Sénégal : Nouvelle loi, premières condamnations, la pression monte sur les personnes LGBT+
Le 10 avril, le tribunal de Pikine-Guédiawaye, en banlieue dakaroise, a condamné un jeune homme de 24 ans à six ans de prison ferme et à une amende de deux millions de francs CFA. Cette décision constitue la première application judiciaire d’une loi récemment entrée en vigueur qui renforce nettement les sanctions.

Depuis le début du mois de février, les arrestations liées à des accusations d’homosexualité se sont multipliées, frisant la soixantaine selon les comptes les plus récents. Les interpellations interviennent fréquemment après des dénonciations ou des contrôles des contenus téléphoniques ; les identités des personnes mises en cause sont parfois rendues publiques, les exposant à des violences.
Le texte incriminant a été voté le 11 mars par 135 députés sur 165, puis signé par le président Bassirou Diomaye Faye à la fin du mois de mars, malgré les appels d’ONG internationales telles qu’Amnesty International et Human Rights Watch à y renoncer. Il élargit les peines — portées auparavant à cinq ans — et prévoit maintenant des peines pouvant atteindre dix ans de prison, tout en réprimant la « promotion » de l’homosexualité.
Plusieurs dossiers sont actuellement traités par les juridictions sénégalaises et plusieurs personnes ont été placées sous mandat de dépôt ces derniers jours. L’atmosphère de poursuites et de mise au ban pousse un nombre croissant de personnes concernées à envisager l’exil ; l’association française STOP Homophobie signale avoir reçu près de 200 sollicitations d’aide en l’espace de quelques semaines, une charge qui dépasse désormais ses capacités d’assistance.
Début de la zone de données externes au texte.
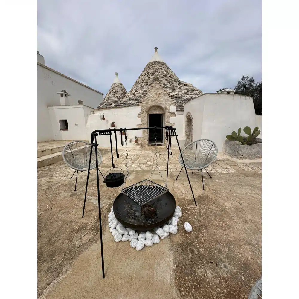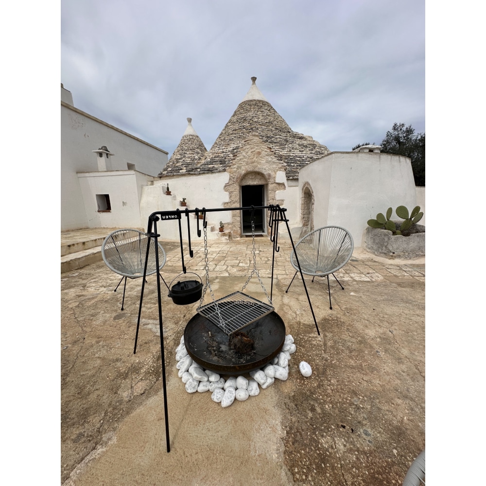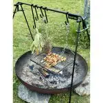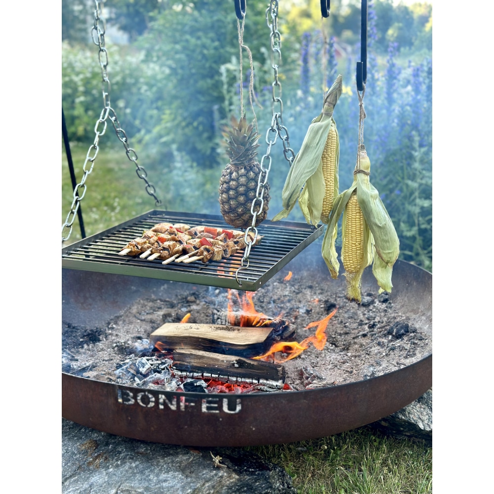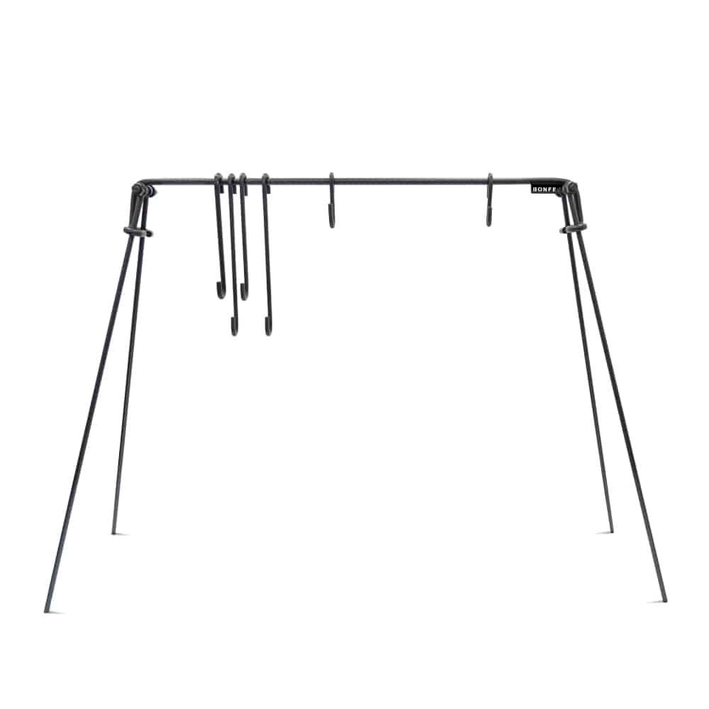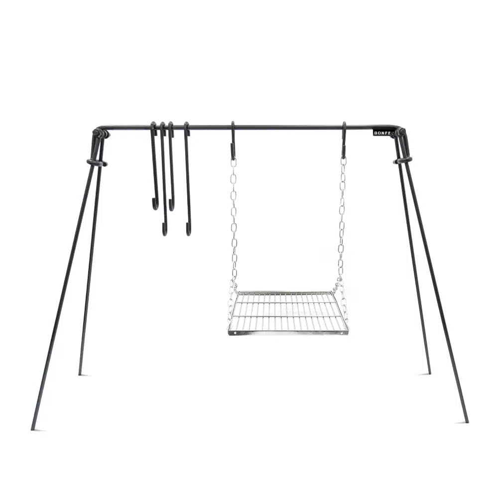 Met de BonFeu vuurbrug kun je kookpotten en grillroosters boven het vuur hangen, waardoor de warmte gelijkmatig wordt verdeeld en het voedsel niet aanbrandt. Zo kun je veilig en effectief buiten koken op open vuur.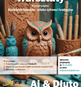 Przedstawiamy galerię prac zrealizowanych na warsztatach z połączenie projektowania AI z pracą w drewnie. Zobaczymy tu zarówno prace wykonane ręcznie jak i te przygotowane przy wsparciu urządzeń CNC. Warsztaty pozostawiły niedosyt uczestników więc zapowiada się kontynuacja prac.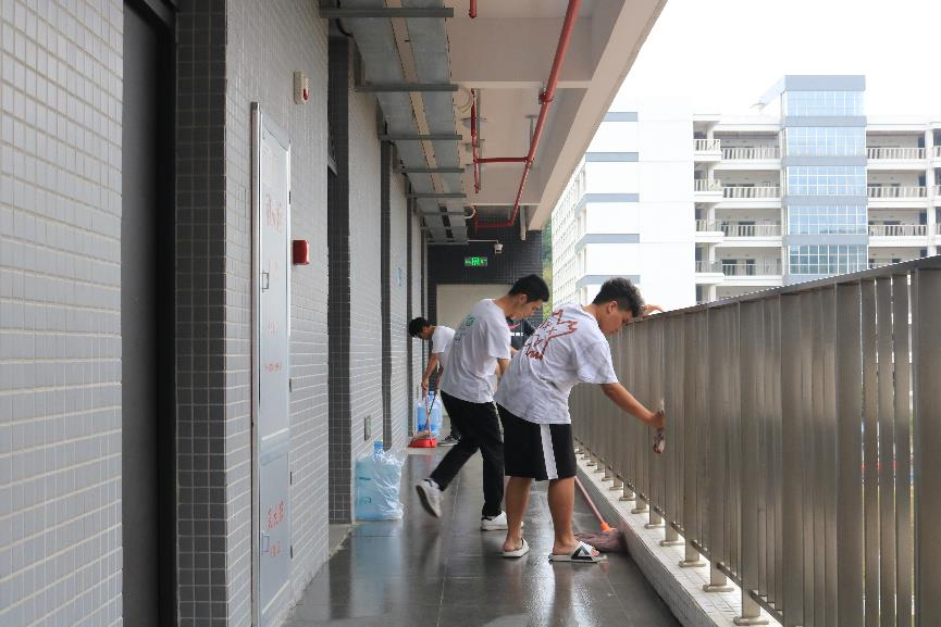 在宿舍长明确分配任务后,化学化工学院学子不嫌脏,不怕苦,积极打扫卫生。在打扫完自己宿舍过后,同学们还参与了公共区域的清洗,为学生公寓的整洁奉献出自己的一份力量。在同学们的共同努力下,楼层环境焕然一新。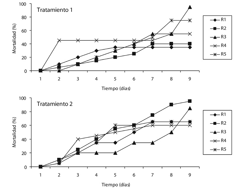 El índice de correlación de Spearman mostró que, en ambos tratamientos, la mortalidad presentó correlación positiva únicamente con la temperatura y con el tiempo, mientras que la salinidad y el oxígeno disuelto no mostraron correlación con la mortalidad (Tabla 2). Los porcentajes de mortalidad al final del ensayo en las cinco réplicas fueron 35 %, 40 %, 95 %, 55 % y 75 % para el tratamiento 1 (enero) y 65 %, 95 %, 85 %, 60 %, 65 % para el tratamiento 2 (noviembre). La figura 1 muestra el incremento de la mortalidad a lo largo del tiempo, la cual, fue mayor en el tratamiento 2 (74 %) que en el tratamiento 1 (60 %).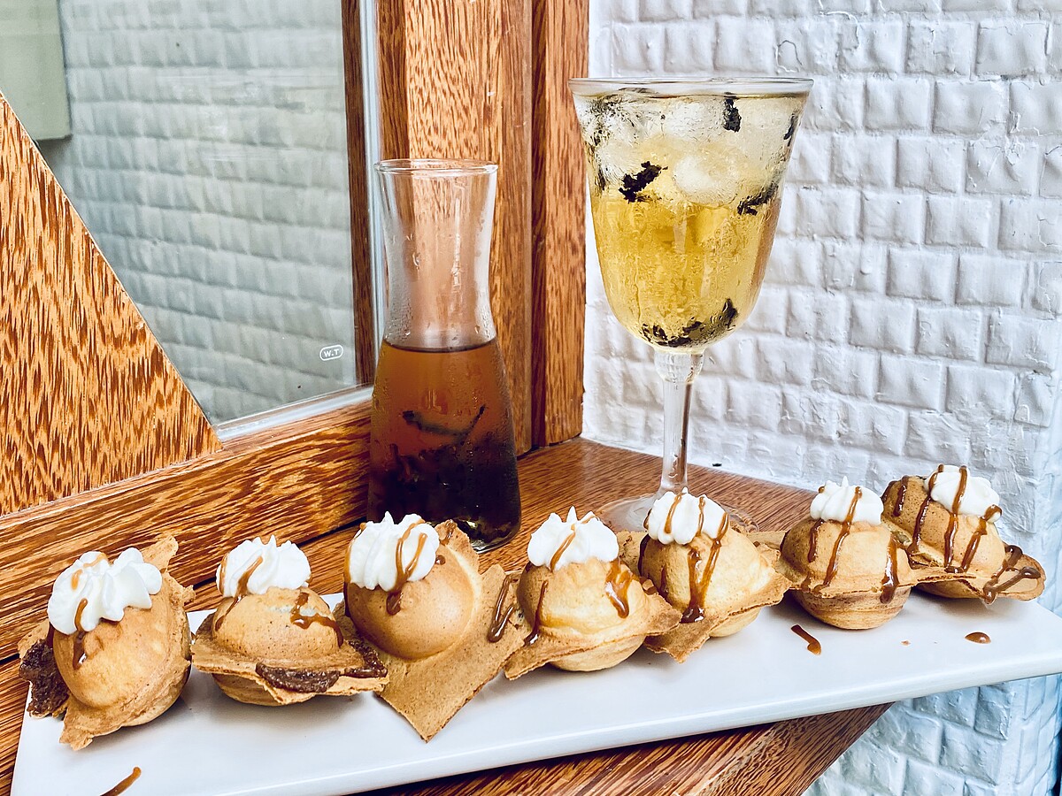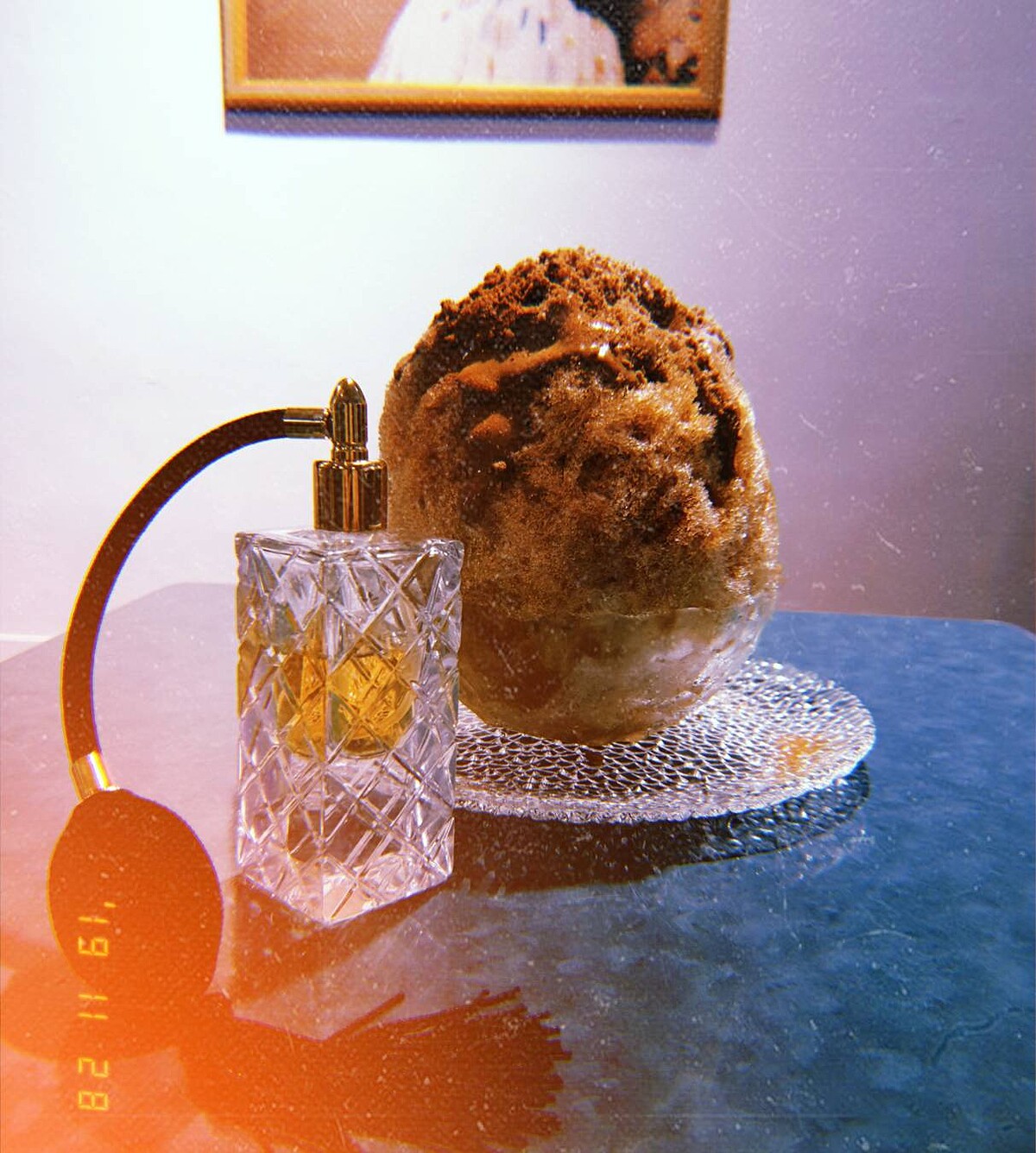 小編私心推薦!最外層是濃郁的焦糖淋醬,裡面吃得到醃漬過的奶油蘋果.牛奶糖醬、手工肉桂餅乾,一旁還附上了裝滿威士忌的香水瓶,可以自由噴灑在冰品上,帶有淡淡酒香的大人系冰品!

Tension sociale, accusations et conséquences humaines
La vague d’arrestations a aussi vu émerger des accusations supplémentaires, notamment de transmission volontaire du VIH, qui aggravent la stigmatisation. Un cas très médiatisé — l’arrestation présumée d’un agent travaillant à la banque du sang — a alimenté une psychose sur les réseaux sociaux et renforcé les craintes au sein des communautés ciblées.
Les méthodes d’enquête, qui incluent la fouille de téléphones et la publicité des noms des personnes interpellées, ont été dénoncées par des défenseurs des droits humains comme des facteurs augmentant le risque d’agression et d’ostracisme. Face à ces pratiques, les organisations d’aide constatent une demande d’assistance en forte hausse, tandis que les possibilités de protection à l’étranger restent complexes : la France a classé le Sénégal comme pays à risque pour les personnes LGBT+ depuis 2021, mais les démarches d’asile demeurent longues et loin d’assurer une issue certaine pour les demandeurs.